Translated from the French Of JEHAN LE VAGRE.

     Some Anarchists allow themselves to be led into confounding these two very different things. In their hatred of authority, they repel all organisation, knowing that the authoritarians disguise under this name the system of oppression which they desire to constitute. Others whilst avoiding falling into this error, go to the other extreme of extolling a thoroughly authoritarian form of organisation, which they style anarchist. There is, however, a fundamental difference to be made clear. That which the authoritarians have baptised with the name of' organisation is plainly enough a complete hierarchy, making laws, acting instead of and for all, or causing the mass to act, in the name of some sort of representation. Whereas what we understand by organisation is the agreement which is formed, because of their common interests, between individuals grouped for a certain work, Such are' the mutual relations which result from the daily intercourse the members of a society am bound to have one with the other. But this organisation of ours has neither laws nor statutes nor regulations, to which every individual is forced to submit, under penalty of punishment. This organisation has no committee that represents it; the individuals are not attached to it by force, they remain free in their autonomy, free to abandon this organisation, at their own initiative, when they wish to substitute another for it.

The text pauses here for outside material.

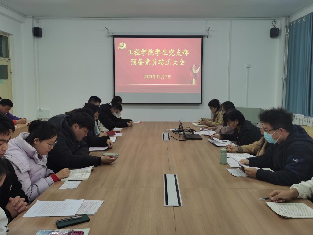 12月7日,工程学院学生党支部在8号楼C209会议室召开支部党员大会,讨论白晓萱等7名预备党员的转正问题。本次会议由学生党支部书记姬晴晴主持,学院党委书记唐秋晶、党委委员陈雪列席指导。

     We are far from having the pretentious idea of drawing a picture of what society will be in the future, far from having the presumption to wish to build a complete plan of organisation and put it forward as a principle. We merely wish to outline the main features and broad lines which ought to enlighten our propaganda, reply to objections which have been raised to the Anarchist idea, and demonstrate that a society is very well able to organise itself without either power or delegation if it is truly based on justice and social equality.

     Yes, we believe that all individuals ought to be left free to seek for, and to group themselves according to, their tendencies and their affinities. To claim to establish a single method of organisation by which everybody will have to be controlled, and which will be established immediately after the Revolution, is utopian, considering the diversity of the temperaments and characters of individuals; and to wish already to prepare a frame, more or less narrow, in which society will be called upon to move, would be to play the part of doctrinaires and conservatives, since nothing assures us that the ideal which fascinates us to-day will respond to-morrow to our wants, and above all to the wants I the whole of society. The powerlessness to sterility, with which the Socialist schools up to the present time have been stricken, is due precisely to the fact that in the society they wished to establish all was foreseen and regulated in advance, nothing was left to the initiative of individuals; consequently that which responded to the aspirations of some was objectionable to others, and thence the impossibility of creating, anything durable.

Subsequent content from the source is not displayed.